MATERIAL PROVIDED:
"""
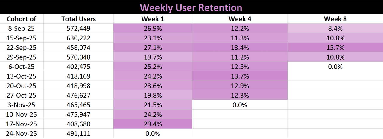 自 9 月初以来,Pump 每周平均活跃地址为 48.2 万个。在一周内,其用户留存率平均为 24%。
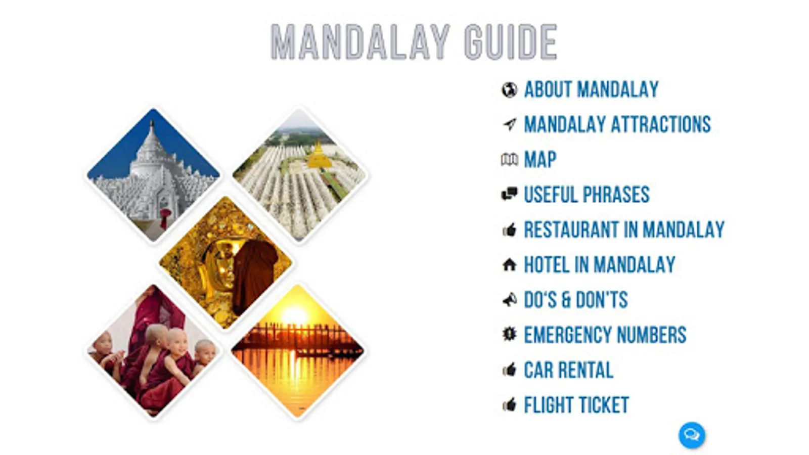 Here's a roundup of our must-see sights and tips as well as some unique Mandalay ( Myanmar ) experiences and quirky. getting away; accommodation; eating out; emergency number; useful information and more…
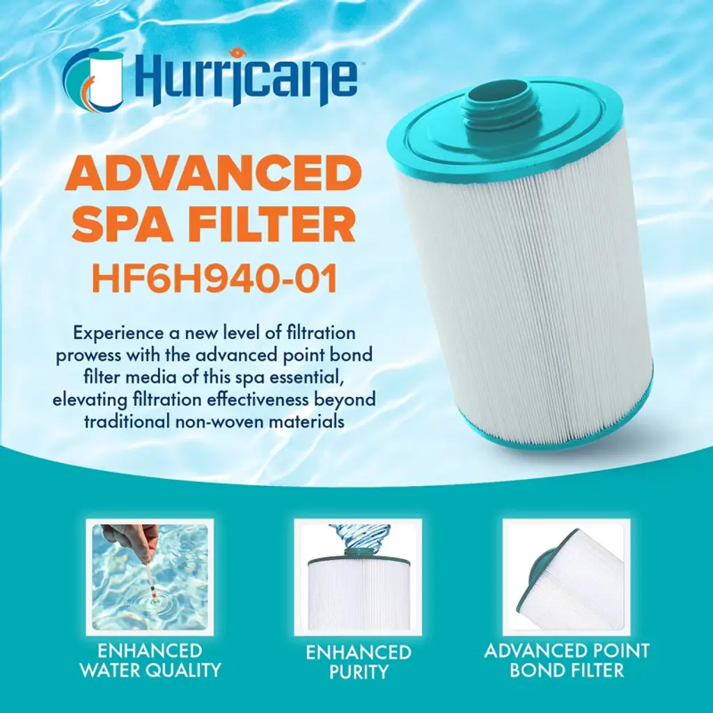 Dive into pristine waters with the Hurricane HF6H940-01 Advanced Cartridge Filter, where unparalleled cleanliness awaits. Crafted with meticulous precision, this filter guarantees seamless compatibility with Unicel: 6CH-940, PWW50P3, Filbur: FC-0359, Waterway Front Access Skimmer, and other compatible models. With dimensions measuring 7.63 inches in length, an outer diameter of 6 inches, a top handle, and a bottom hole of 1.5 inches of SAE Threaded inches, achieving an ideal fit with this filter cartridge is effortless, measure your current filter for a flawless match. Experience a new level of filtration prowess with this spa essential's advanced point bond filter media, elevating filtration effectiveness beyond traditional non-woven materials. From biomass to dirt, debris, hair, leaves, and even critters, this pool filter is a formidable barrier, leaving your pool or spa immaculate and inviting. Esteemed by industry professionals and homeowners, this spa accessory is meticulously engineered for durability, ensuring prolonged service life and effortless upkeep. Bid farewell to the inconvenience of frequent replacements and welcome substantial savings on filters, all while minimizing wear and tear on your pump. Discover the exceptional cleaning prowess of the Hurricane HF6H940-01 Advanced Cartridge Filter, your ultimate solution for pristine waters and unparalleled excellence.
"""
DIRECTIONS FOR THIS TASK: All of the data must be repeated exactly, except for the pictures.

ANSWER SECTION:
 自 9 月初以来,Pump 每周平均活跃地址为 48.2 万个。在一周内,其用户留存率平均为 24%。
 Here's a roundup of our must-see sights and tips as well as some unique Mandalay ( Myanmar ) experiences and quirky. getting away; accommodation; eating out; emergency number; useful information and more…
 Dive into pristine waters with the Hurricane HF6H940-01 Advanced Cartridge Filter, where unparalleled cleanliness awaits. Crafted with meticulous precision, this filter guarantees seamless compatibility with Unicel: 6CH-940, PWW50P3, Filbur: FC-0359, Waterway Front Access Skimmer, and other compatible models. With dimensions measuring 7.63 inches in length, an outer diameter of 6 inches, a top handle, and a bottom hole of 1.5 inches of SAE Threaded inches, achieving an ideal fit with this filter cartridge is effortless, measure your current filter for a flawless match. Experience a new level of filtration prowess with this spa essential's advanced point bond filter media, elevating filtration effectiveness beyond traditional non-woven materials. From biomass to dirt, debris, hair, leaves, and even critters, this pool filter is a formidable barrier, leaving your pool or spa immaculate and inviting. Esteemed by industry professionals and homeowners, this spa accessory is meticulously engineered for durability, ensuring prolonged service life and effortless upkeep. Bid farewell to the inconvenience of frequent replacements and welcome substantial savings on filters, all while minimizing wear and tear on your pump. Discover the exceptional cleaning prowess of the Hurricane HF6H940-01 Advanced Cartridge Filter, your ultimate solution for pristine waters and unparalleled excellence.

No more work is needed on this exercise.